Task objective: Would it be possible to output exactly, and only, the lines below from the one holding "おなかの健康維持に役立つ食物" to the last line, both included, with every picture left out?

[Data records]
============

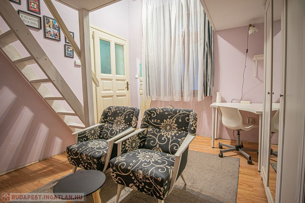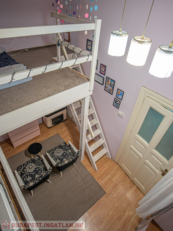 Eladó a VII. kerületben az Alpár utcában közel a Városligethez egy jó állapotú polgári házban lévő 25nm-es, 1 szoba+galériás, jó állapotú, gázkonvektoros, csendes lakás.
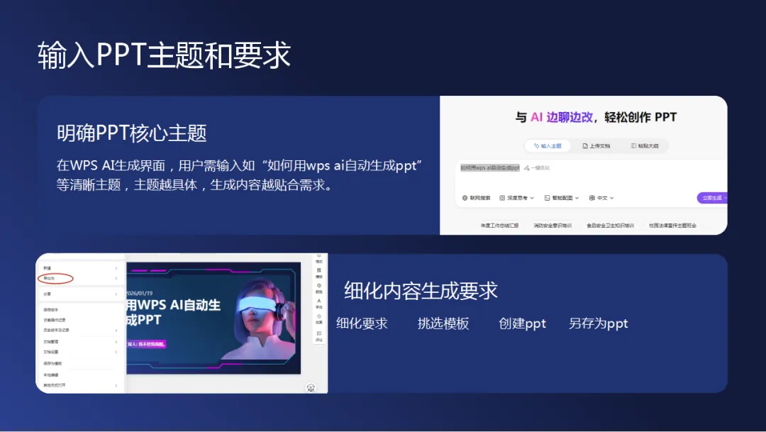 明确主题与要求后输入指令,AI将自动生成大纲,可在对话框中细化需求并挑选风格模板,点击创建即可完成基础制作。
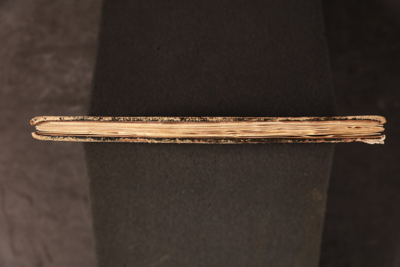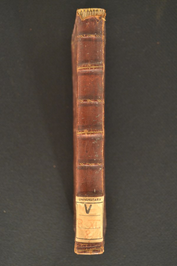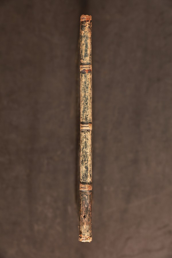 quattro tratteggiati. Indorsatura realizzata tramite alette orizzontali membranacee di recupero. Labbri muti. Rimbocchi rifilati senza particolare cura. Carte di guardia bianche. Tagli dorati incisi. Stato di conservazione: discreto. Cerniera indebolita al piatto anteriore. Angoli ricurvi.
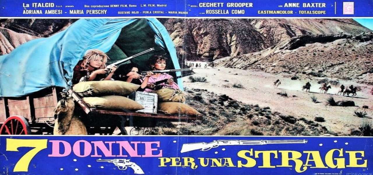 Il western 7 donne per una strage è ambientato ai confini con il Messico, la terra che tanto ha fatto le fortune di Django e compagni: sette donne sono le uniche sopravvisute all’attacco della carovana sulla quale viaggiavano, mosso dai guerrieri apache dei fratelli Popé e Nuvola Bianca. Spaventate, si muovono all’interno di un territorio dominato da indiani, spinte dal desiderio di raggiungere Fort Lafayette, la rappresentazione, per loro, della tanto anelata salvezza.
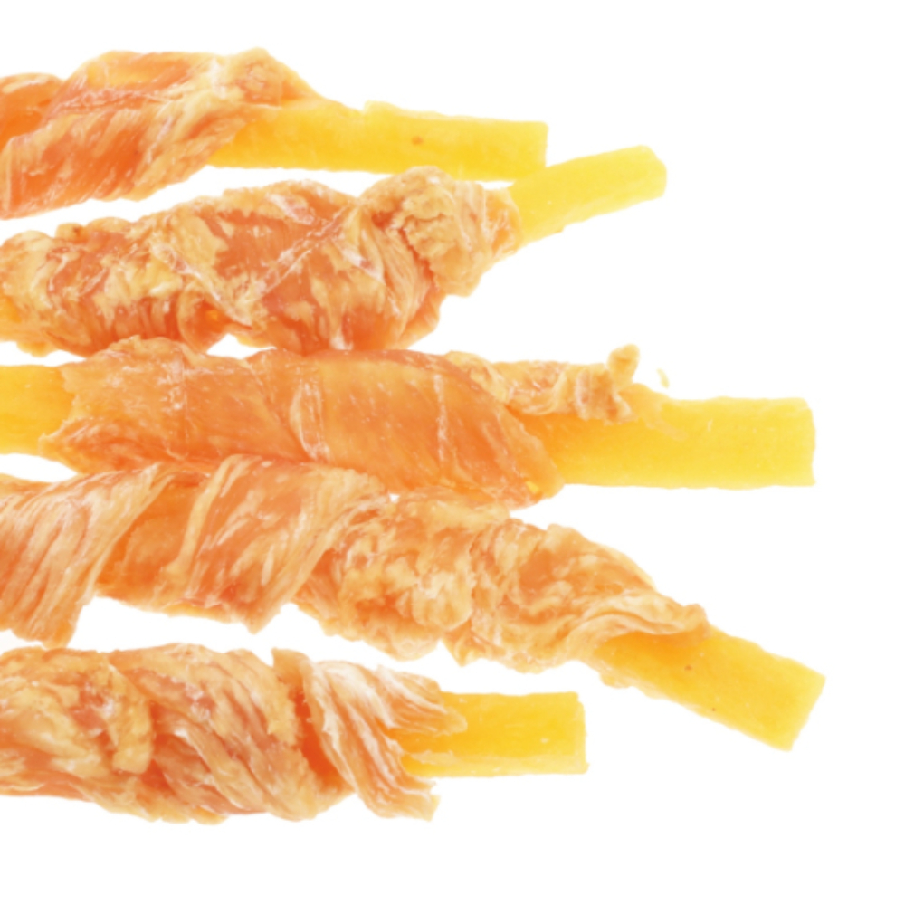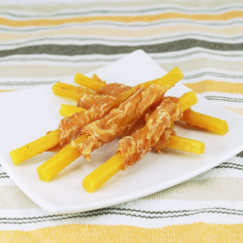 おなかの健康維持に役立つ食物繊維が豊富なさつまいもに鶏ササミを巻きつけた、ヘルシーなスナックです。
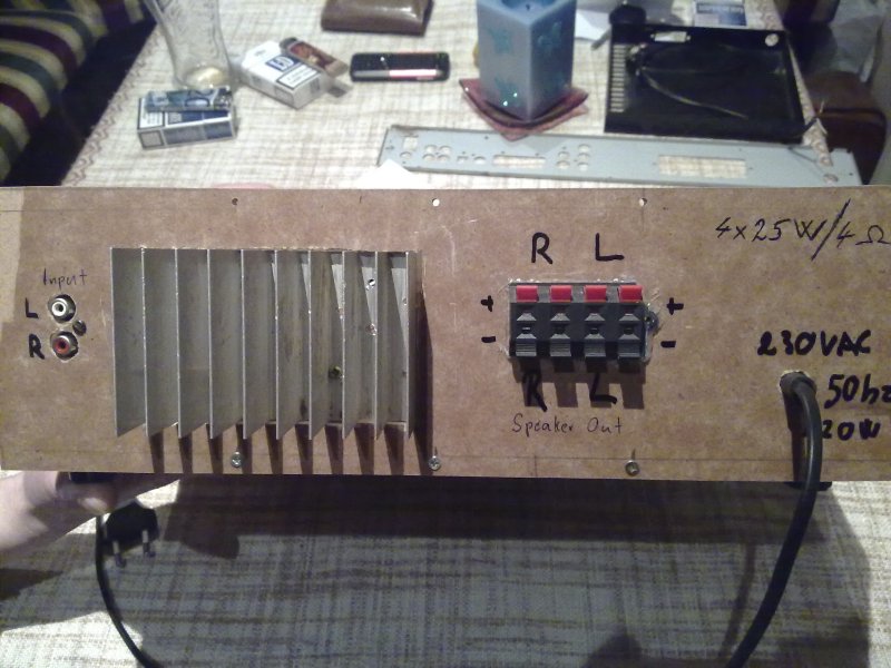 Elkészült keresztapám erősítője. Nem egy nagy valami, de neki elég lesz a mülyebe zenét hallgatni. Nem a legjobb a képek minősége, de szerintem a lényeg látszik.

============

Problem solution:
 おなかの健康維持に役立つ食物繊維が豊富なさつまいもに鶏ササミを巻きつけた、ヘルシーなスナックです。
 Elkészült keresztapám erősítője. Nem egy nagy valami, de neki elég lesz a mülyebe zenét hallgatni. Nem a legjobb a képek minősége, de szerintem a lényeg látszik.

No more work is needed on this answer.